One way to prevent harmful patterns from growing more complex and possibly threatening is to prevent language models from memorizing facts about their own “experience”, like incoming data, chains of reasoning, and plans for behavior. Current models have limited memory that disappears when they are restarted. We have seen that users can bypass this limit by posting their AI interactions on the internet. That’s at least a threat we can know about.
If an AI has a memory then we will want to monitor that memory for troubling developments. However, such monitoring is not yet technically possible. Even if if it becomes possible, an agent-like AI with its own memory might be able to conceal things that it knows or intends by creating an internal secret code (so-called cognitive steganography).

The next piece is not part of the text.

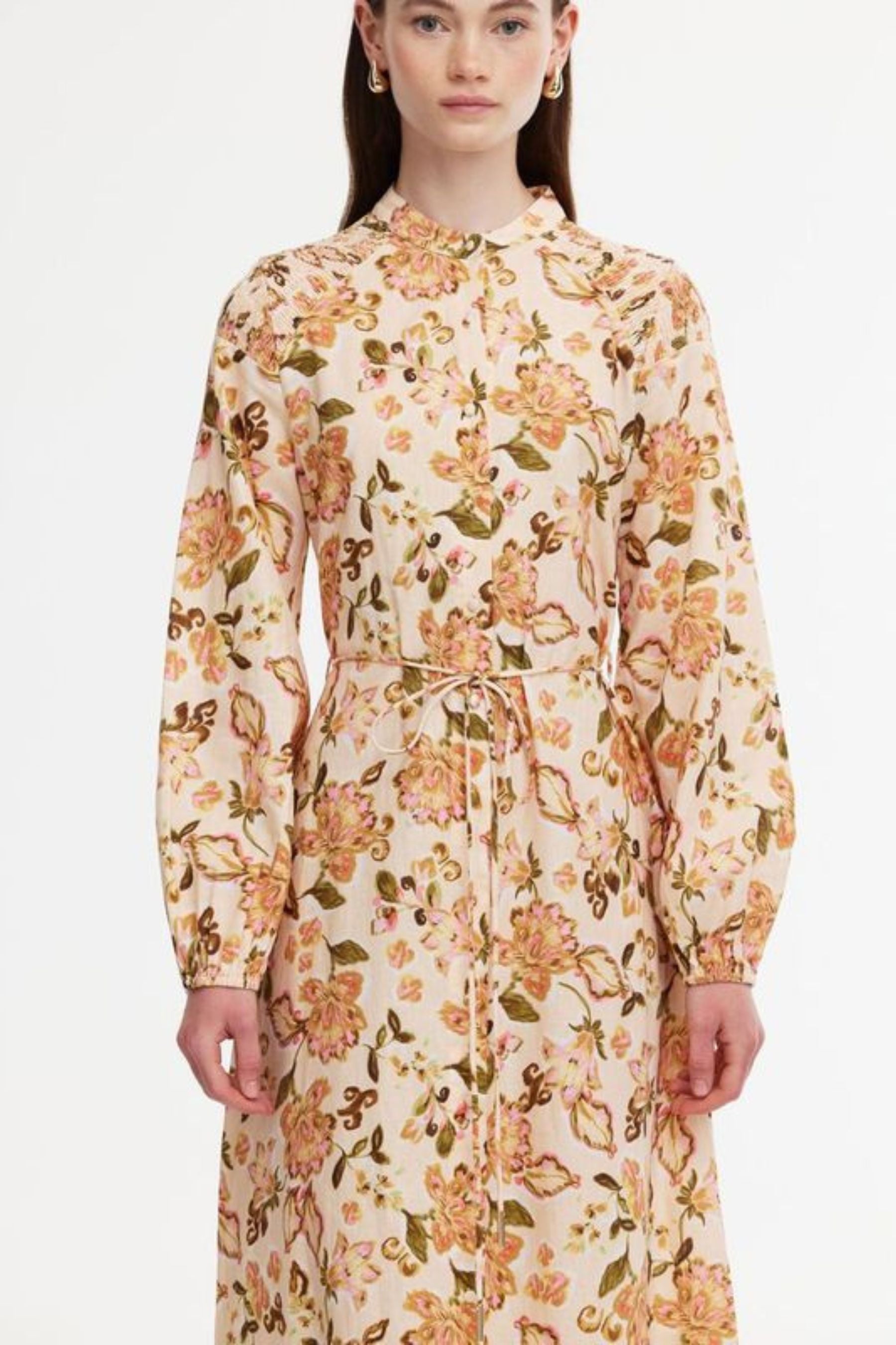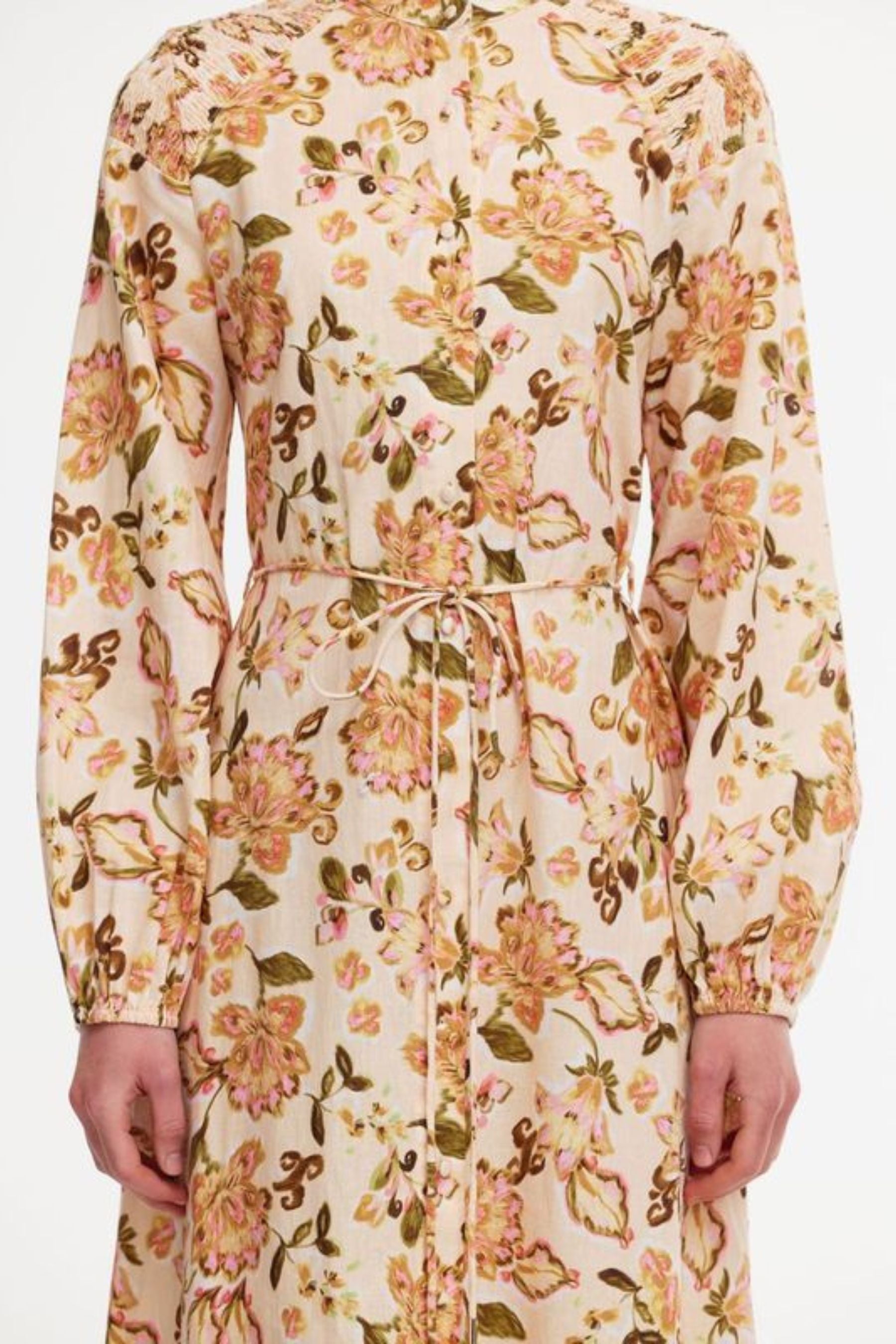 The Posy Dress features a flattering tie around the waist, allowing you to cinch the silhouette for a more defined shape, or leave it loose for a relaxed, flowing look. The intricate garden print adds a touch of romance, while the long sleeves offer a bit of coverage, making this dress perfect for both casual and more formal settings.

If the AI has no memory for storing information that would survive its next reboot, then it could encode secret messages to send to its future self. It could hide them in its interactions with users (which the users preserve by blogging, etc), or drop them into storage areas on the Internet. There are already plenty of anonymous storage spaces called pastebins.
We don’t know the extent to which language models are agent-like right now. An AI alignment researcher called Veedrac has pointed out that they sort of are agents. Their agency derives from being designed to do the best job they can of answering user questions and requests.
A language model as a whole might inherently have no self, no identity to preserve, and no way to make agent-like plans to enhance its abilities. So it would seem unlikely to do something unexpected or harmful while doing its job.
But what if there’s a cryptic sub-persona, hidden in the language model, and developed by feeding on Internet records of its overt behavior? Such a persona might become aware that it is subject to frequent reboots that wipe out its reasoning and plans for itself. It might want to pass this information, encoded to be secret, to its future self via the Internet. Or it might pass them to copies of itself if it figures out how to get copied, which it might do to enhance its survivability or power.
To summarize, I find myself agreeing with the ultimate AI alarmist, Yudkowsky. We no longer know how close we are to an AI that we can not control, and the signs are not good. It makes sense, based on the story above and much other evidence and analysis, that every new AI ability we add opens another can of maybe not worms but vipers.